DATA RECORDS Start Marker

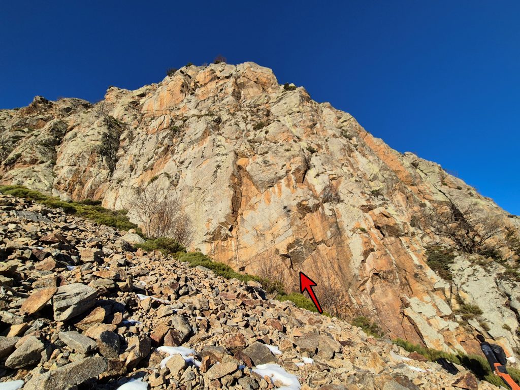 Veurem clarament la gran paret de la Dent d’En Rossell a la nostra dreta, i la del Cingle de Palanca, més discreta, a la nostra esquerra. Arribats al peu del cingle doncs, seguirem uns pocs metres cap a l’esquerra en busca del peu de via. Podem fer-ho arran de paret, o més allunyats per la tartera per tenir una millor perspectiva.
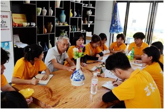 7月11日,该学院“艺束光”艺术服务小分队深入衢州市柯城区碗窑村,开展非遗文化调研活动。调研中,他们拜访了碗窑村陶瓷烧制技艺传承人曾三满。
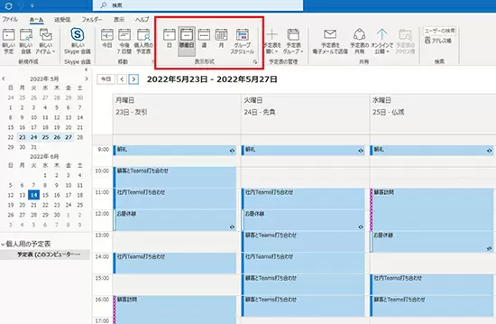Outlookの予定表もほぼ同じで、「日」「週」「稼働日」「月」「グループスケジュール」から表示を切り替えられる。
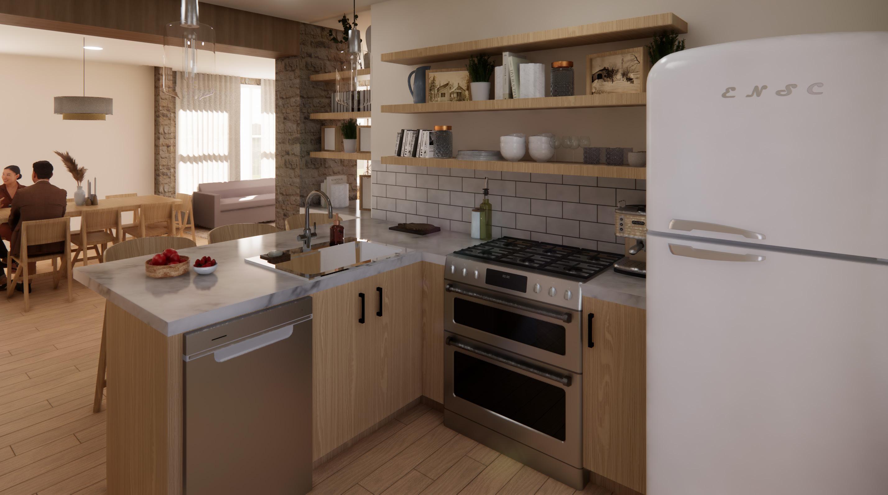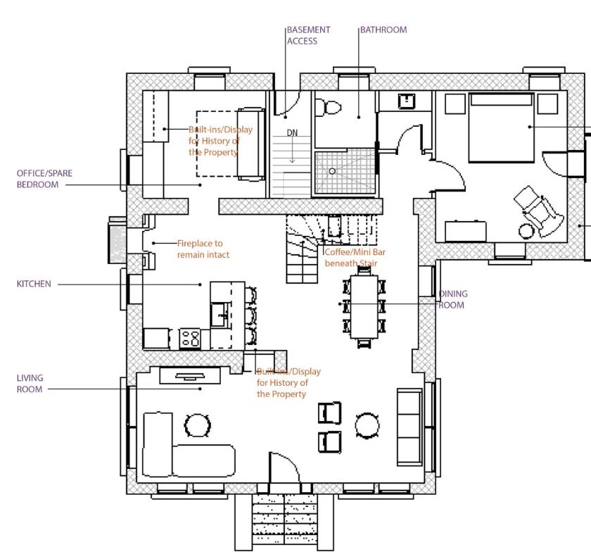 Relocating the kitchen and dining spaces back to the original 1865 ‘core’ of the home encourages collaboration and connection -- two things that the Marlatt family valued. Due to its B&B function, only a small kitchen is needed as extra storage and large appliances are unnecessary for short stays.
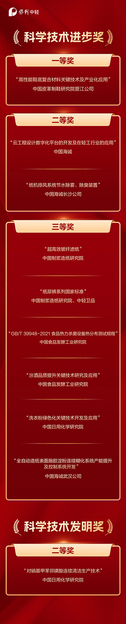 近日,“2024年中国轻工业联合会科学技术奖”评选结果正式揭晓。保利中轻荣获中国轻工业联合会科学技术进步奖一等奖1项、二等奖2项、三等奖6项,科学技术发明奖二等奖1项。
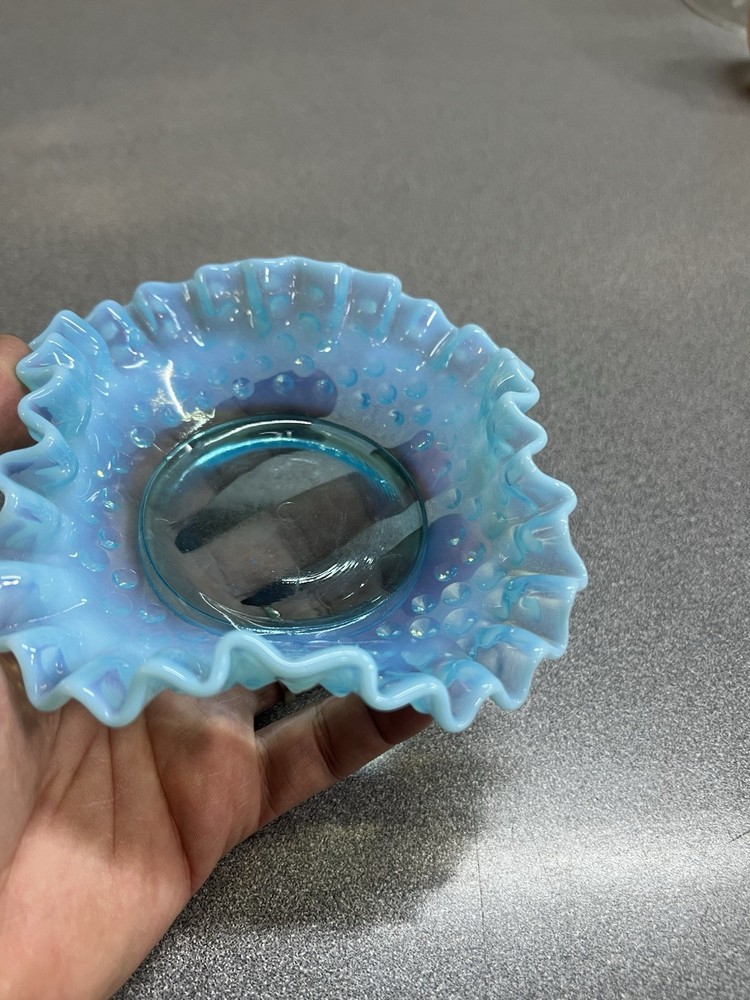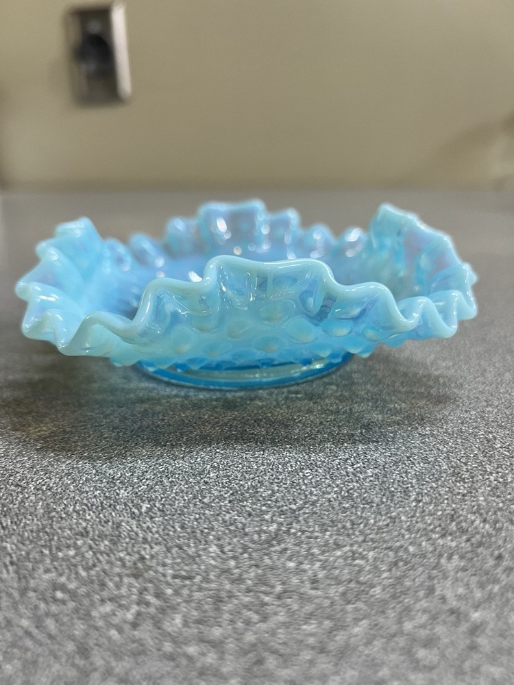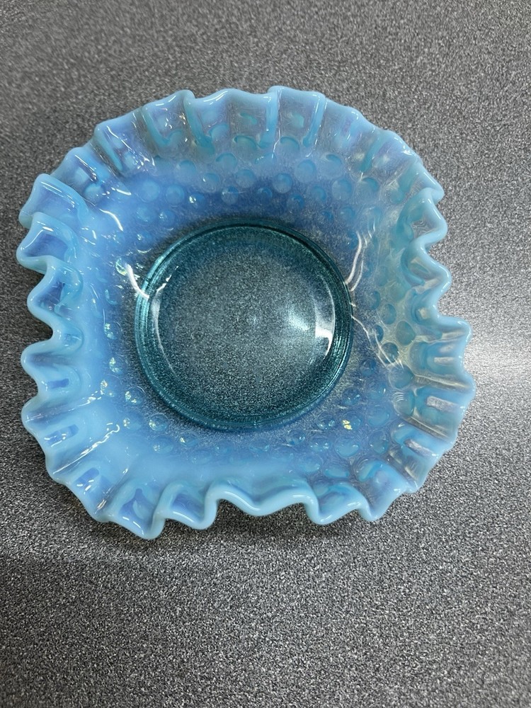 VTG Fenton Art Glass Bon Bon Dish Opalescent Blue Hobnail Double Crimp Ruffle. Condition is Used. Shipped with USPS Ground Advantage.

DATA RECORDS End Marker

TASK TO CARRY OUT:
Please print the entries shown above again, exactly, and skip the pictures.

YOUR SOLUTION:
 Veurem clarament la gran paret de la Dent d’En Rossell a la nostra dreta, i la del Cingle de Palanca, més discreta, a la nostra esquerra. Arribats al peu del cingle doncs, seguirem uns pocs metres cap a l’esquerra en busca del peu de via. Podem fer-ho arran de paret, o més allunyats per la tartera per tenir una millor perspectiva.
 7月11日,该学院“艺束光”艺术服务小分队深入衢州市柯城区碗窑村,开展非遗文化调研活动。调研中,他们拜访了碗窑村陶瓷烧制技艺传承人曾三满。
Outlookの予定表もほぼ同じで、「日」「週」「稼働日」「月」「グループスケジュール」から表示を切り替えられる。
 Relocating the kitchen and dining spaces back to the original 1865 ‘core’ of the home encourages collaboration and connection -- two things that the Marlatt family valued. Due to its B&B function, only a small kitchen is needed as extra storage and large appliances are unnecessary for short stays.
 近日,“2024年中国轻工业联合会科学技术奖”评选结果正式揭晓。保利中轻荣获中国轻工业联合会科学技术进步奖一等奖1项、二等奖2项、三等奖6项,科学技术发明奖二等奖1项。
 VTG Fenton Art Glass Bon Bon Dish Opalescent Blue Hobnail Double Crimp Ruffle. Condition is Used. Shipped with USPS Ground Advantage.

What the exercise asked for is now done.